[Data excerpts]

##########

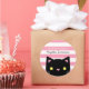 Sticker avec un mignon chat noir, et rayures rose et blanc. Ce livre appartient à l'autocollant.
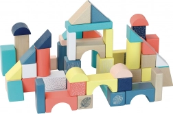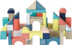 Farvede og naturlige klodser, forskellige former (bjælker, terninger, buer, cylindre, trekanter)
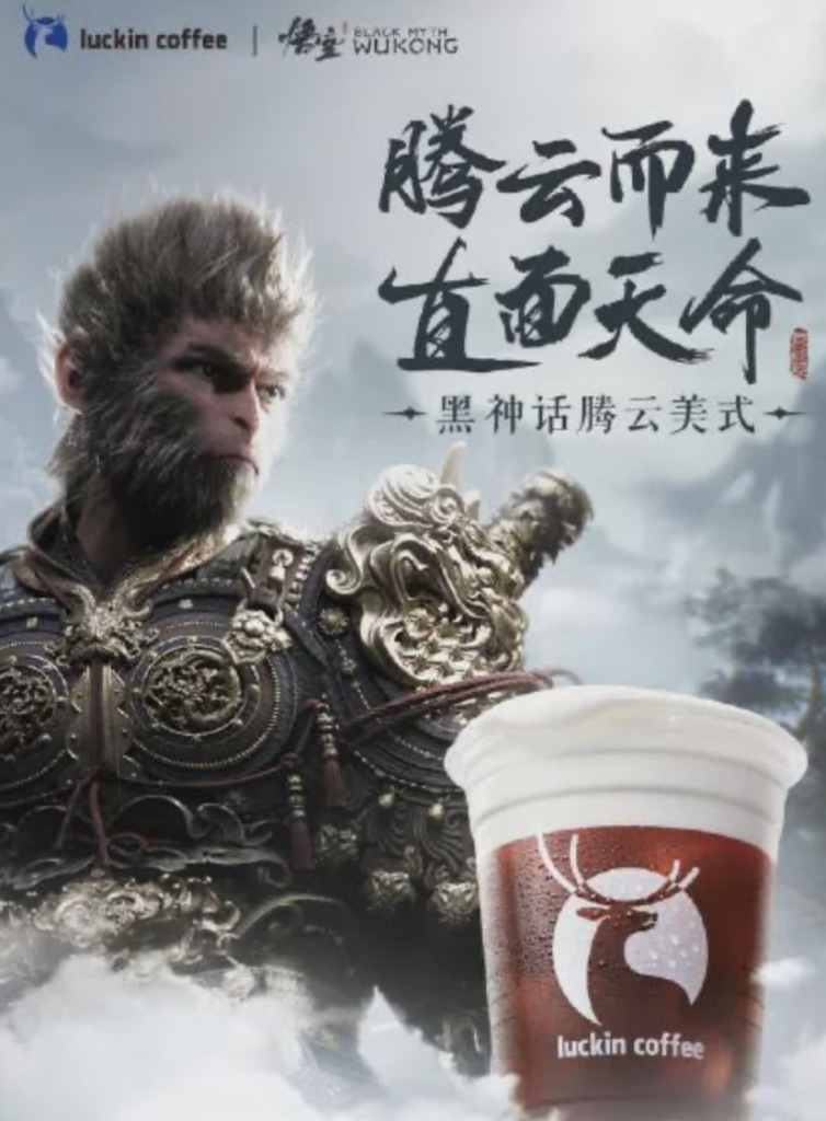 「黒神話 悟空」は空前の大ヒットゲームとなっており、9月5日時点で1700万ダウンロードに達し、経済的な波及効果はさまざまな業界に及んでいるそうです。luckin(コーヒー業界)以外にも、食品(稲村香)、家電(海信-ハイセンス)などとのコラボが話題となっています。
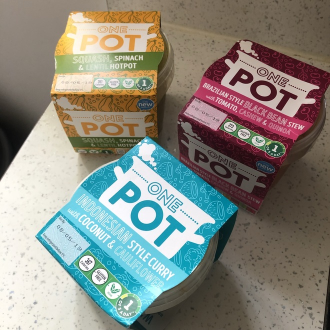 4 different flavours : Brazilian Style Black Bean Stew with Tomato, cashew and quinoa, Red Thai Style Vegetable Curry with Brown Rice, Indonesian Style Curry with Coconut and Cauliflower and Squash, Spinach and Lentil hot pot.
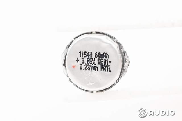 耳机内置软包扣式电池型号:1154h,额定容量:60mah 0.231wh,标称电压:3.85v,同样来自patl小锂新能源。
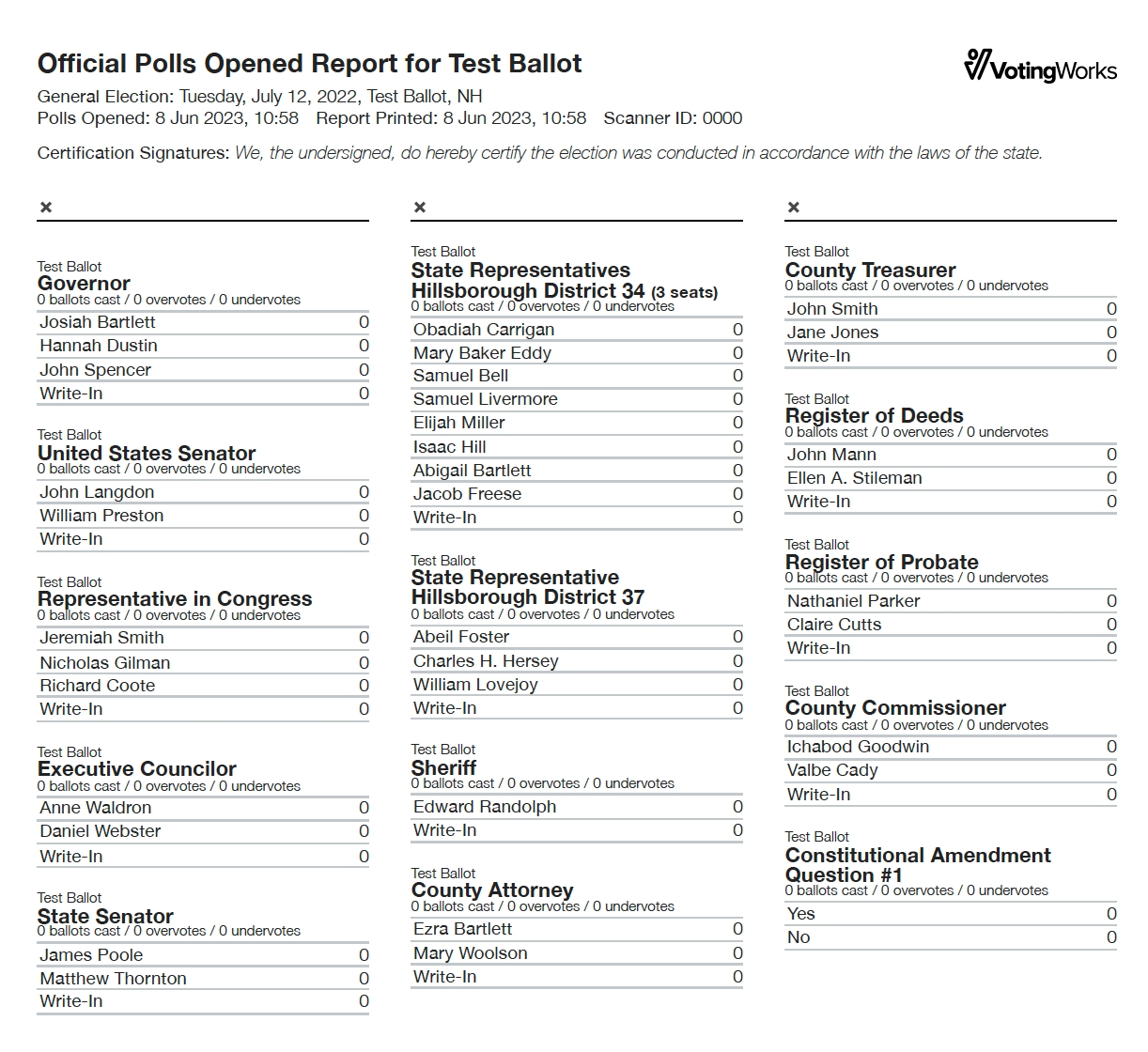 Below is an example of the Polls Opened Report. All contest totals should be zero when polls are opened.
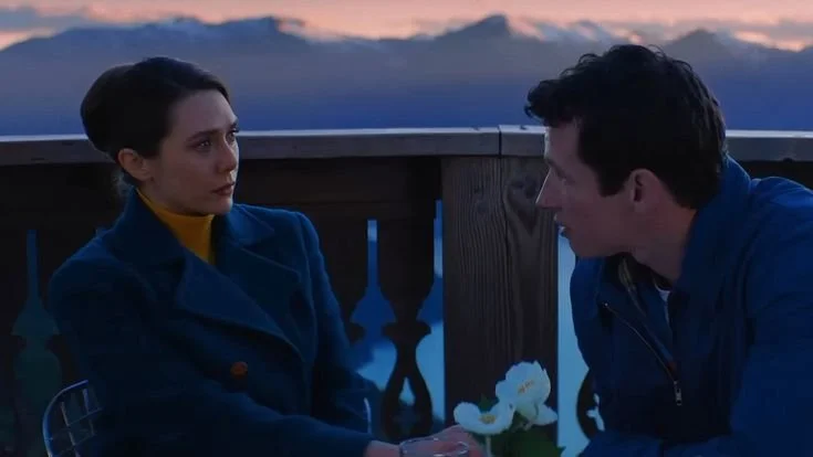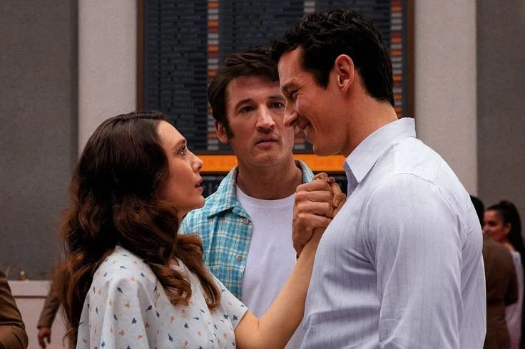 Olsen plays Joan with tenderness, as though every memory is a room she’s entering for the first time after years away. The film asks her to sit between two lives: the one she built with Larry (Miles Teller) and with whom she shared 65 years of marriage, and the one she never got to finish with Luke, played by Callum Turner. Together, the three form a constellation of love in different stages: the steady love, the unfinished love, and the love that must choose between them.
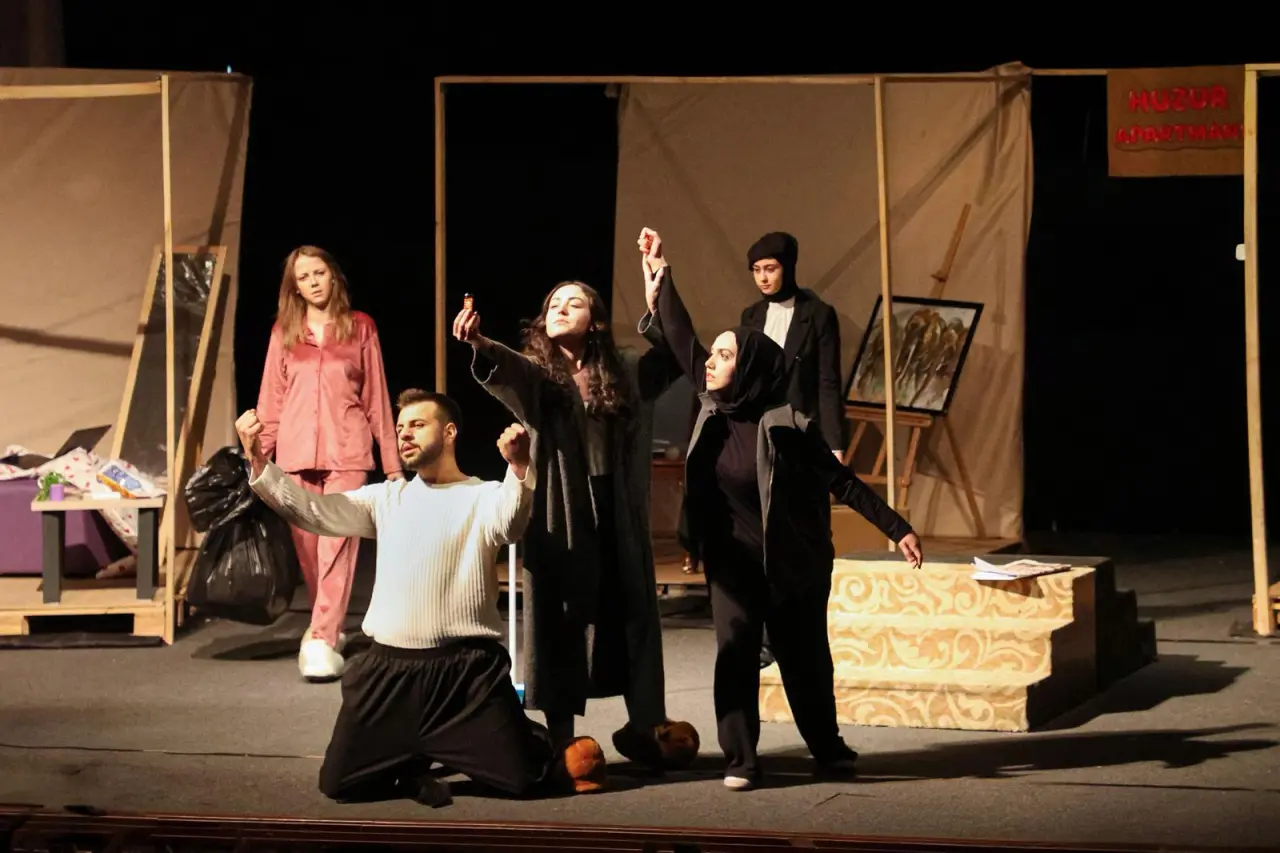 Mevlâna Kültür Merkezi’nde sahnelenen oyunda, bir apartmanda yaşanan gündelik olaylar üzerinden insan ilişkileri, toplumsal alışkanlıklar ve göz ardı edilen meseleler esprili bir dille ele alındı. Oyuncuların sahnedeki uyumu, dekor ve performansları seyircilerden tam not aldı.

##########

### WHAT IS BEING ASKED
The job is to copy all the records precisely while omitting any picture.

### SOLUTION FOR THIS PROBLEM
 Sticker avec un mignon chat noir, et rayures rose et blanc. Ce livre appartient à l'autocollant.
 Farvede og naturlige klodser, forskellige former (bjælker, terninger, buer, cylindre, trekanter)
 「黒神話 悟空」は空前の大ヒットゲームとなっており、9月5日時点で1700万ダウンロードに達し、経済的な波及効果はさまざまな業界に及んでいるそうです。luckin(コーヒー業界)以外にも、食品(稲村香)、家電(海信-ハイセンス)などとのコラボが話題となっています。
 4 different flavours : Brazilian Style Black Bean Stew with Tomato, cashew and quinoa, Red Thai Style Vegetable Curry with Brown Rice, Indonesian Style Curry with Coconut and Cauliflower and Squash, Spinach and Lentil hot pot.
 耳机内置软包扣式电池型号:1154h,额定容量:60mah 0.231wh,标称电压:3.85v,同样来自patl小锂新能源。
 Below is an example of the Polls Opened Report. All contest totals should be zero when polls are opened.
 Olsen plays Joan with tenderness, as though every memory is a room she’s entering for the first time after years away. The film asks her to sit between two lives: the one she built with Larry (Miles Teller) and with whom she shared 65 years of marriage, and the one she never got to finish with Luke, played by Callum Turner. Together, the three form a constellation of love in different stages: the steady love, the unfinished love, and the love that must choose between them.
 Mevlâna Kültür Merkezi’nde sahnelenen oyunda, bir apartmanda yaşanan gündelik olaylar üzerinden insan ilişkileri, toplumsal alışkanlıklar ve göz ardı edilen meseleler esprili bir dille ele alındı. Oyuncuların sahnedeki uyumu, dekor ve performansları seyircilerden tam not aldı.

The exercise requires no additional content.